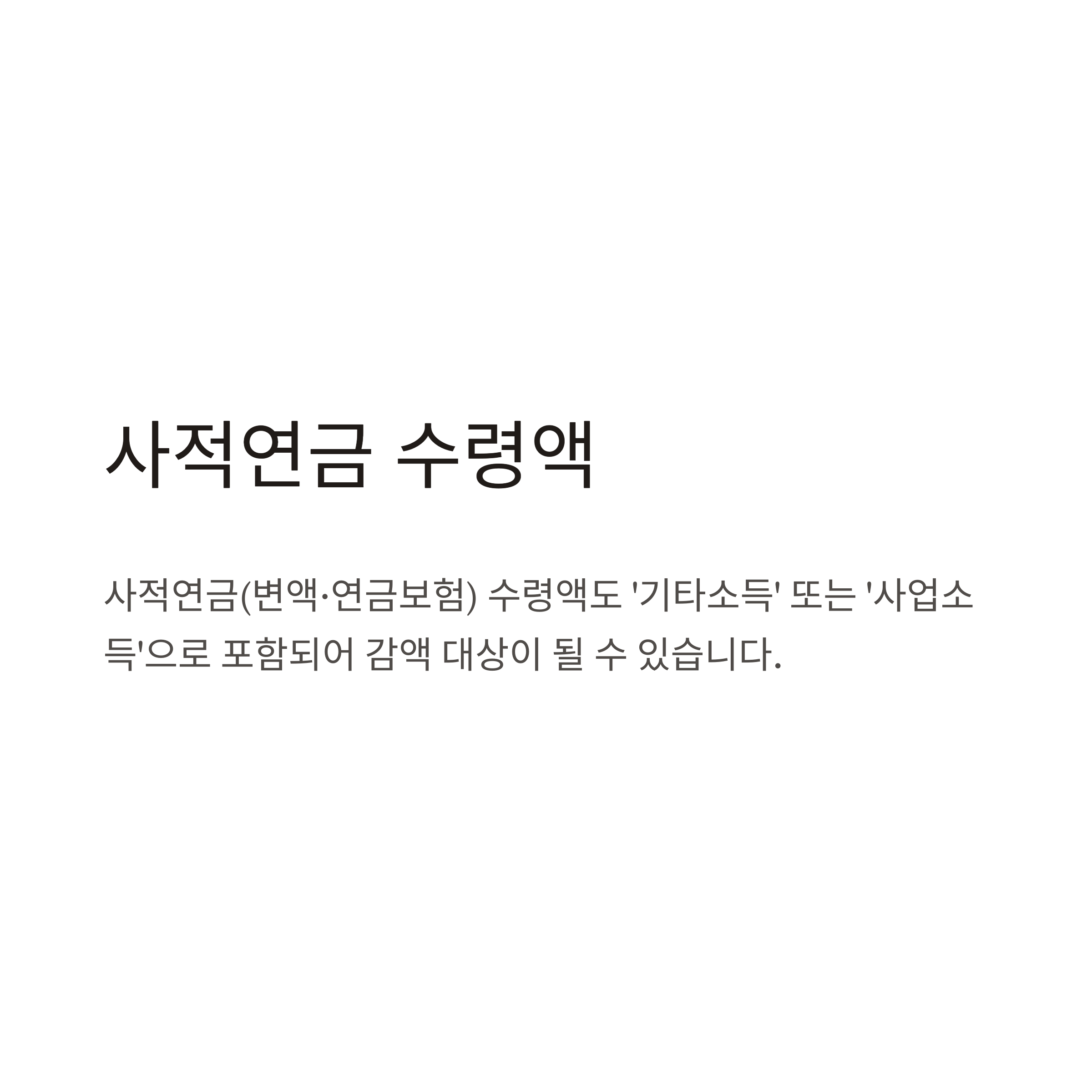 - 연금 외 사적소득 – 사적연금, 퇴직금 일부, 변액보험 수령액 등
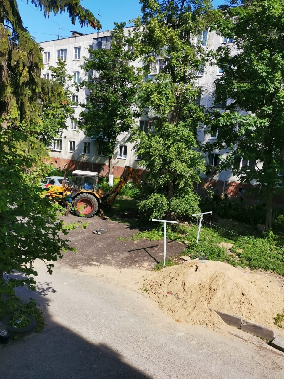 На фото: ремонтные работы во дворе пятиэтажки на улице Дейнеки, 40.
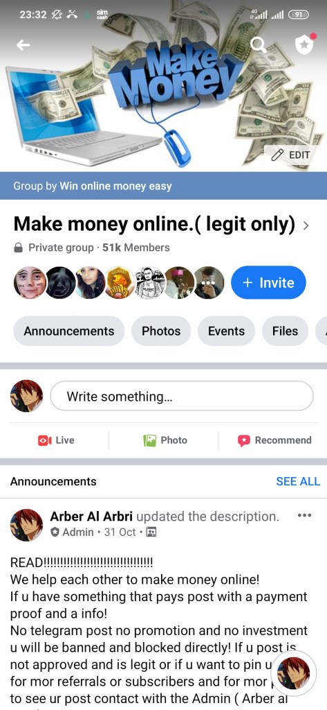 Join us in fb group:Make money online(legit only) link: https://www.facebook.com/groups/132302793824883/?ref=share
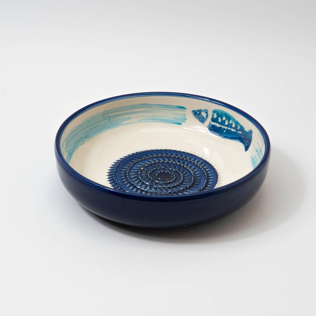 Handmade Ceramic Grater Bowl Blue Fish
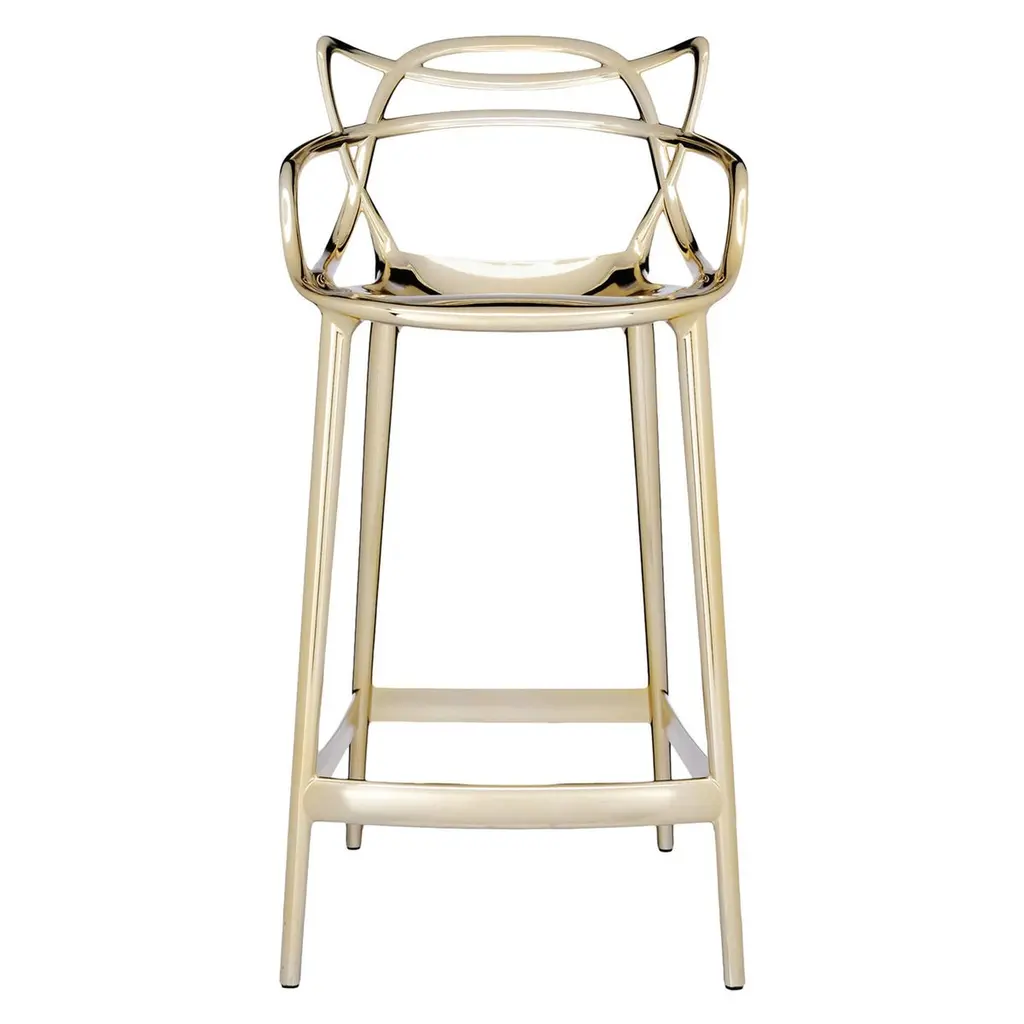Kartell also offers a stool version of the Masters chair, winner of the Good Design Award 2010 and the Red Dot Award 2013, and a worldwide best seller. The legs are lengthened and the seat is shrunk, but the frame's unmistakable graphic look, created by the weave of the silhouettes of three iconic chairs, remains the same. Masters stool is ideal for both the home and contract sales, as well as outdoor use.Made of: Polycarbonate. Outdoor use.
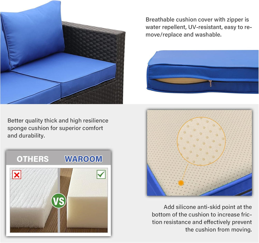 Juego de muebles de mimbre de polietileno para exteriores, 4 piezas, sofá de dos plazas seccionales de ratán negro, sofá de conversación con caja de almacenamiento, mesa superior de vidrio y cojín antideslizante azul rey
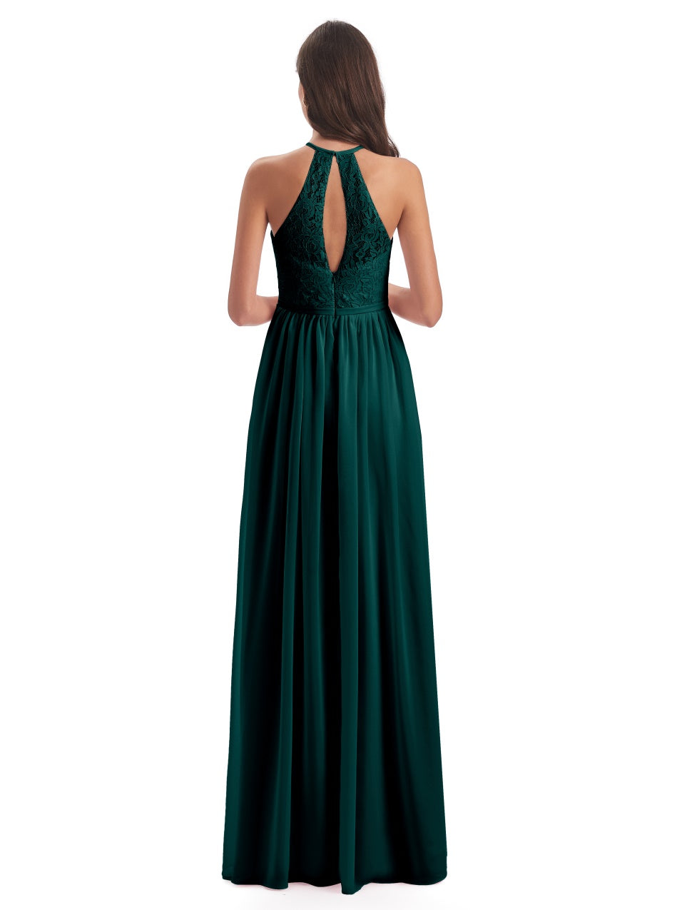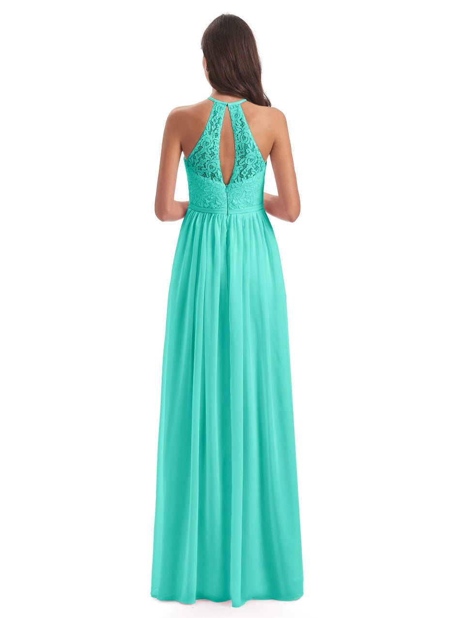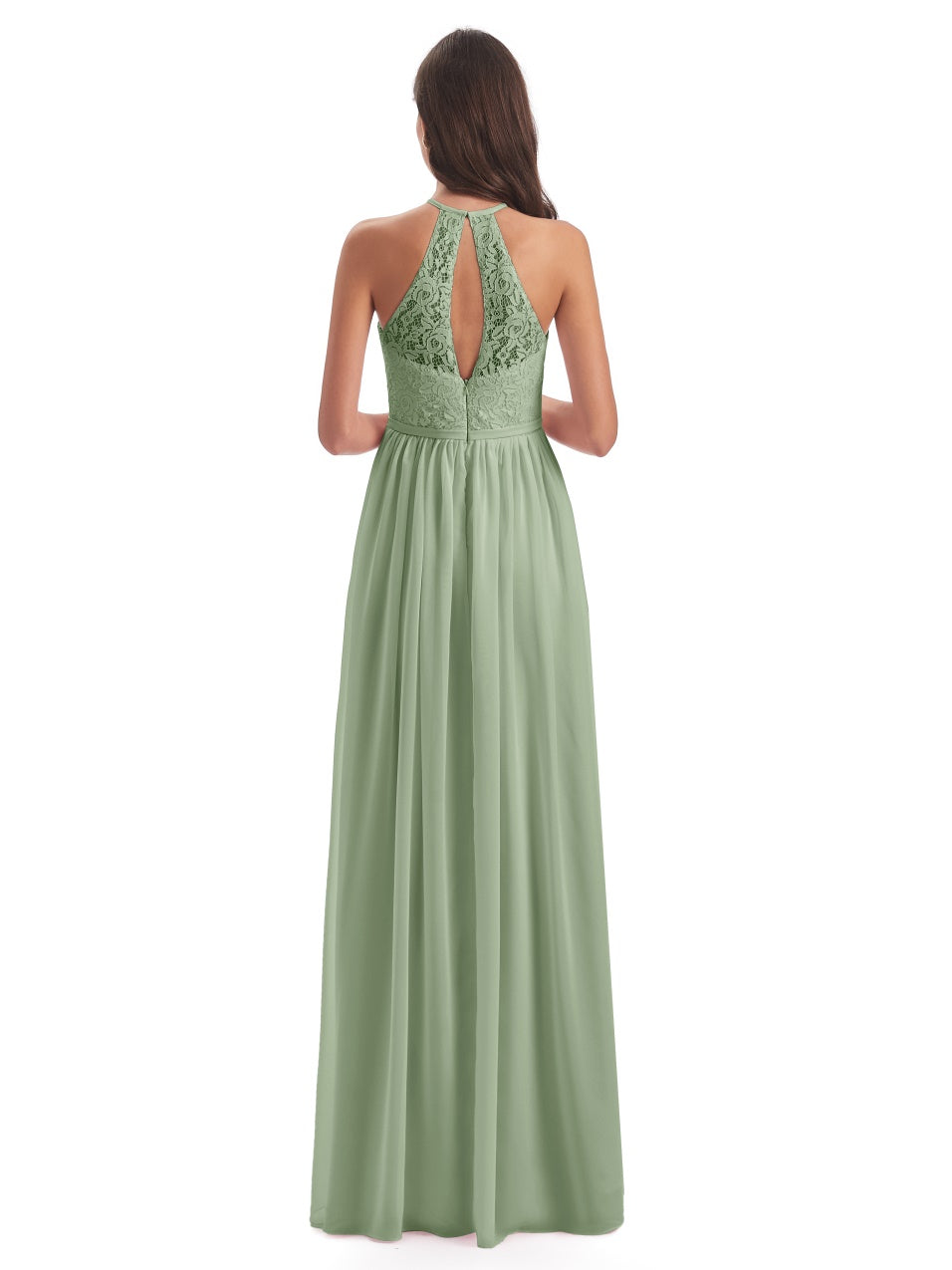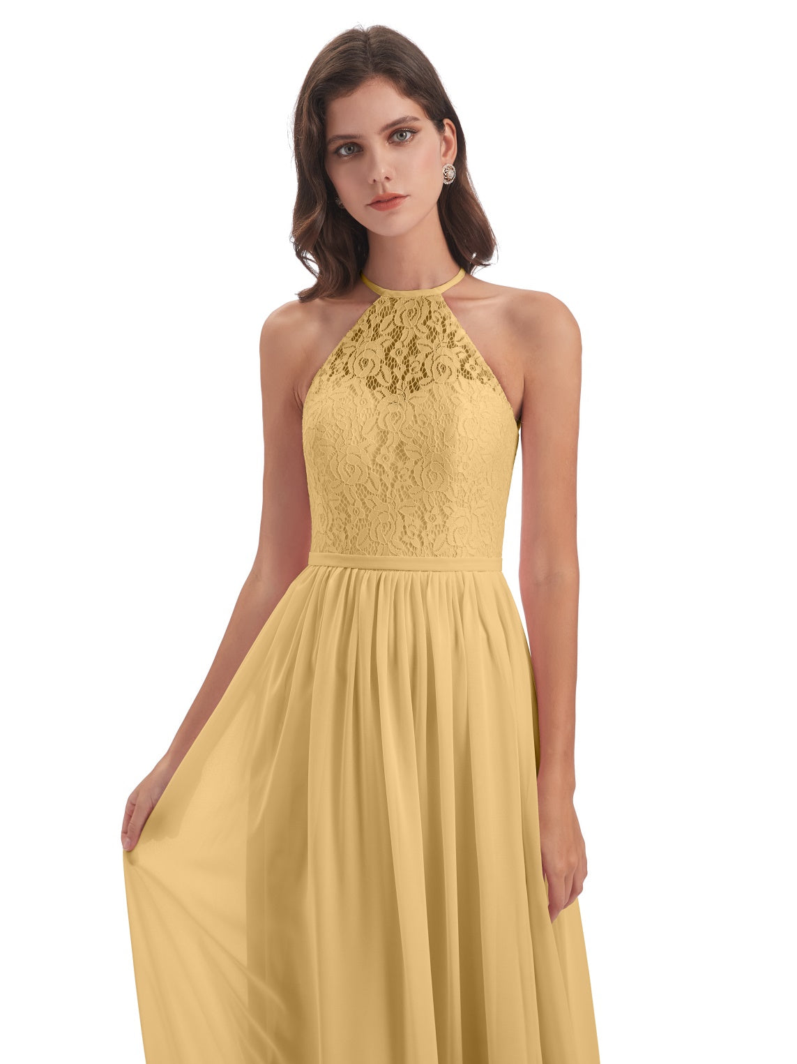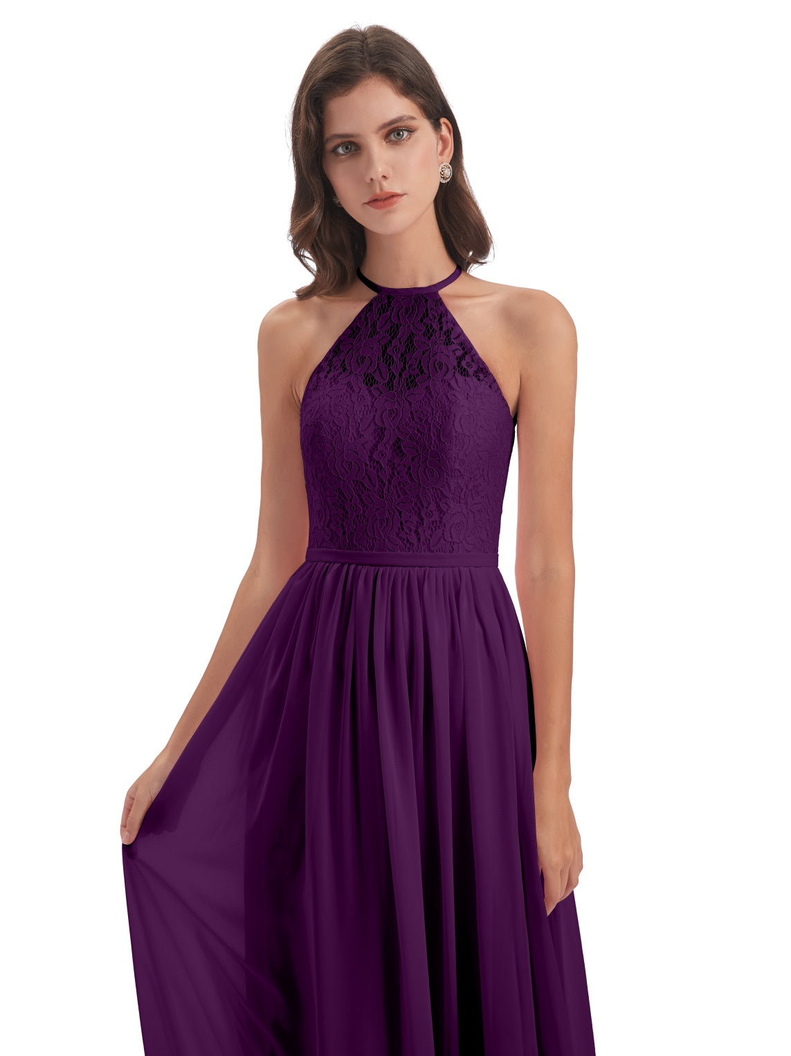 Magdalena A-Linie Bodenlange Nackenträger Spitze/Chiffon Lange Brautjungfernkleider
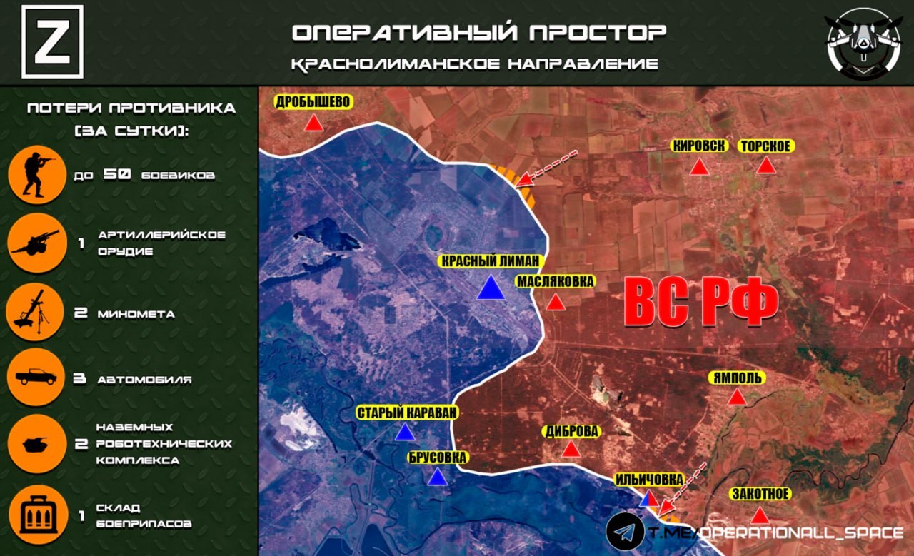 На Краснолиманском направлении ВС РФ ведут бои в районе Красного Лимана, сообщает "Оперативный простор":
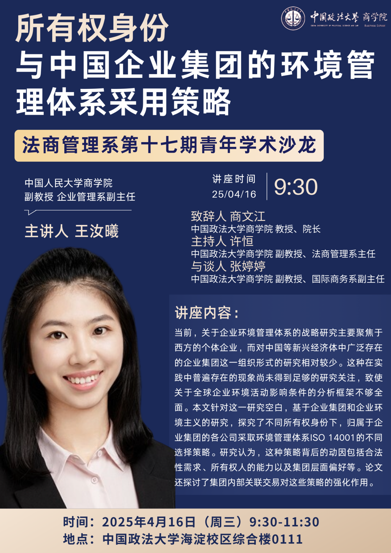 主讲人简介:王汝曦,中国人民大学商学院企业管理系副教授,荷兰鹿特丹伊拉斯姆斯大学博士。主要研究方向为企业环境战略、企业社会责任、企业创新、企业集团以及新兴市场,研究发表于管理学顶尖期刊如Strategic Management Journal, Journal of Management, Journal of Product Innovation Management, Asia Pacific Journal of Management等。
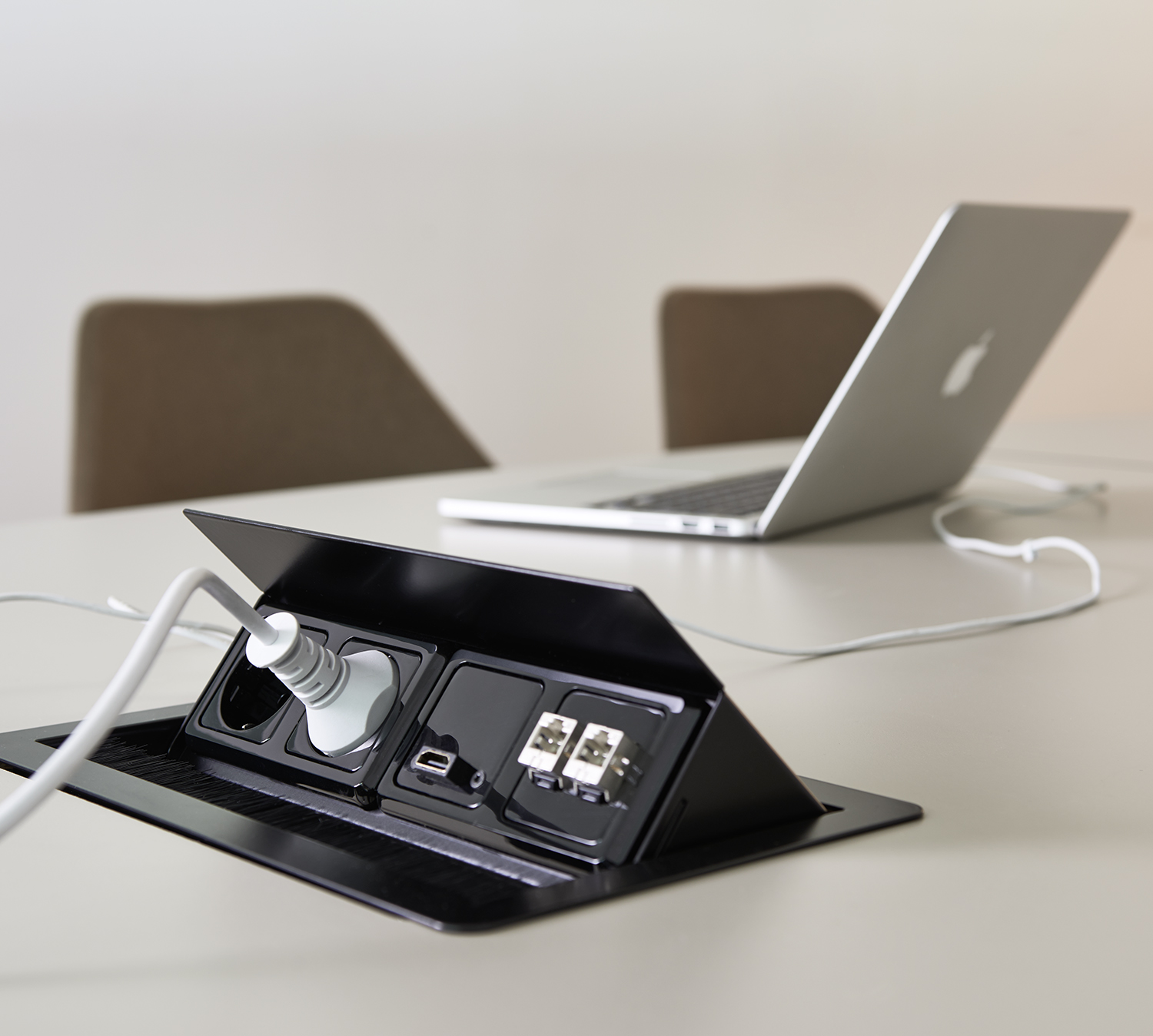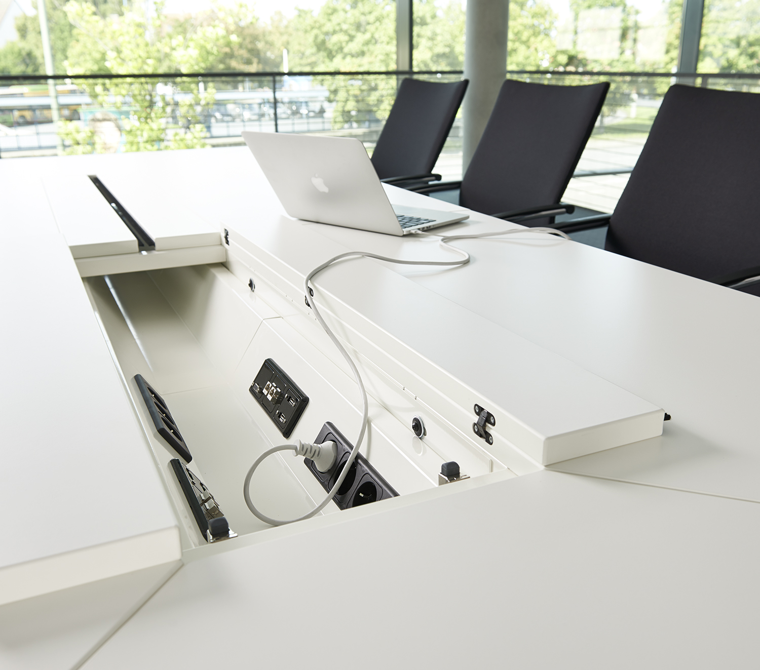 Mit dem Adesso lässt sich genau diese Anforderung passgenau umsetzten. Er ist in vielen Größen und Formen, rund oder eckig, groß oder klein verfügbar. Auch außergewöhnliche Tischformen lassen sich mit dem Adesso realisieren. Dazu kann ebenfalls eine Anschlusstechnik integriert werden, um auch bei Konferenzen mit Strom und dem Filmennetzwerk verbunden zu sein.

### Task statement
All that is required is the lines from the line containing "Handmade Ceramic Grater Bowl Blue Fish" through the end of the records above, copied exactly, and none of the pictures.

### Written answer
 Handmade Ceramic Grater Bowl Blue Fish
Kartell also offers a stool version of the Masters chair, winner of the Good Design Award 2010 and the Red Dot Award 2013, and a worldwide best seller. The legs are lengthened and the seat is shrunk, but the frame's unmistakable graphic look, created by the weave of the silhouettes of three iconic chairs, remains the same. Masters stool is ideal for both the home and contract sales, as well as outdoor use.Made of: Polycarbonate. Outdoor use.
 Juego de muebles de mimbre de polietileno para exteriores, 4 piezas, sofá de dos plazas seccionales de ratán negro, sofá de conversación con caja de almacenamiento, mesa superior de vidrio y cojín antideslizante azul rey
 Magdalena A-Linie Bodenlange Nackenträger Spitze/Chiffon Lange Brautjungfernkleider
 На Краснолиманском направлении ВС РФ ведут бои в районе Красного Лимана, сообщает "Оперативный простор":
 主讲人简介:王汝曦,中国人民大学商学院企业管理系副教授,荷兰鹿特丹伊拉斯姆斯大学博士。主要研究方向为企业环境战略、企业社会责任、企业创新、企业集团以及新兴市场,研究发表于管理学顶尖期刊如Strategic Management Journal, Journal of Management, Journal of Product Innovation Management, Asia Pacific Journal of Management等。
 Mit dem Adesso lässt sich genau diese Anforderung passgenau umsetzten. Er ist in vielen Größen und Formen, rund oder eckig, groß oder klein verfügbar. Auch außergewöhnliche Tischformen lassen sich mit dem Adesso realisieren. Dazu kann ebenfalls eine Anschlusstechnik integriert werden, um auch bei Konferenzen mit Strom und dem Filmennetzwerk verbunden zu sein.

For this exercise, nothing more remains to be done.